We want to factor 4453. Let E be the elliptic curve y2 = x3 + 10x -2, and P = (1,3). As we calculate 2P, we need the slope of the tangent line at P, which is (3x2 + 10)/2y evaluated at P, i.e., 13/6. We take this mod 4453, and use the fact that gcd(6,4453) = 1 to obtain, 6-1= 3711 mod 4453, and therefore the slope is 3713. Using our formulas we have 2P mod 4453 = (4332, 3230). Now we calculate 3P as P + 2P. The slope of the line joining these points is 3227/4331. But gcd (4331, 4453) = 61, so the computation can not be carried out, however we obtain that 4453 = 61 × 73.

The only real issues to settle are how to pick a supply of elliptic curves and points, and what a good bound for the computation would be. In selecting the elliptic curve, we could randomly select the integers a and b and then locate a point P on the curve, but this is not very efficient. Rather, select the point P = (x,y) first, then randomly pick an integer a and finally calculate b = y2 -x3 -ax to obtain the the elliptic curve which contains the point P. Since we need to have non-degenerate elliptic curves, we must check that the discriminant of the cubic function is not 0 (compare this to the quadratic function case).
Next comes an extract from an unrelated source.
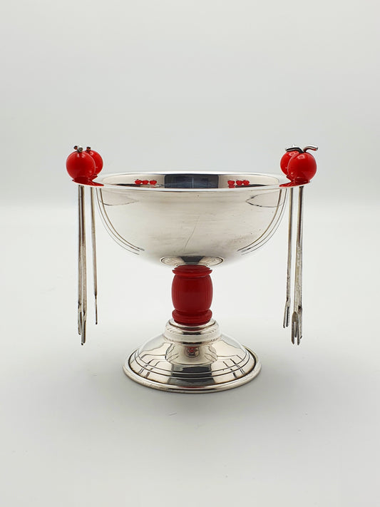Charming Mid-Century Silver-Plated Cocktail Pick Set with Cherry Red Accents – circa 1950

The discriminant of our cubic is 4a3 + 27b2. Actually, we want to have that the discriminant is not 0 mod n, so we will first calculate the gcd(4a3 + 27b2, n). If this gcd is n, then we must select another elliptic curve. If it is 1, we can continue and if it has any other value, we have found a factor of n and may stop. The bound is essentially the point at which we give up on any elliptic curve we are examining. If the bound is too small then we will be giving up too soon and will have to examine many elliptic curves before finding one that gives a factor. If the bound is too large, then the chance of finding a factor from any elliptic curve is much higher but the computational effort becomes too great. Thus the bound needs to be a compromise value, not too small and not too large. The right order of magnitude for the bound depends on the size of the expected factor (generally an unknown quantity) and so is often set experimentally.

The elliptic curve method seems to be best suited for factoring numbers of medium size, say around 40 or 50 decimal digits. These numbers are no longer used for the security of factoring-based systems such as RSA. For larger numbers, the quadratic sieve and number field sieve are superior.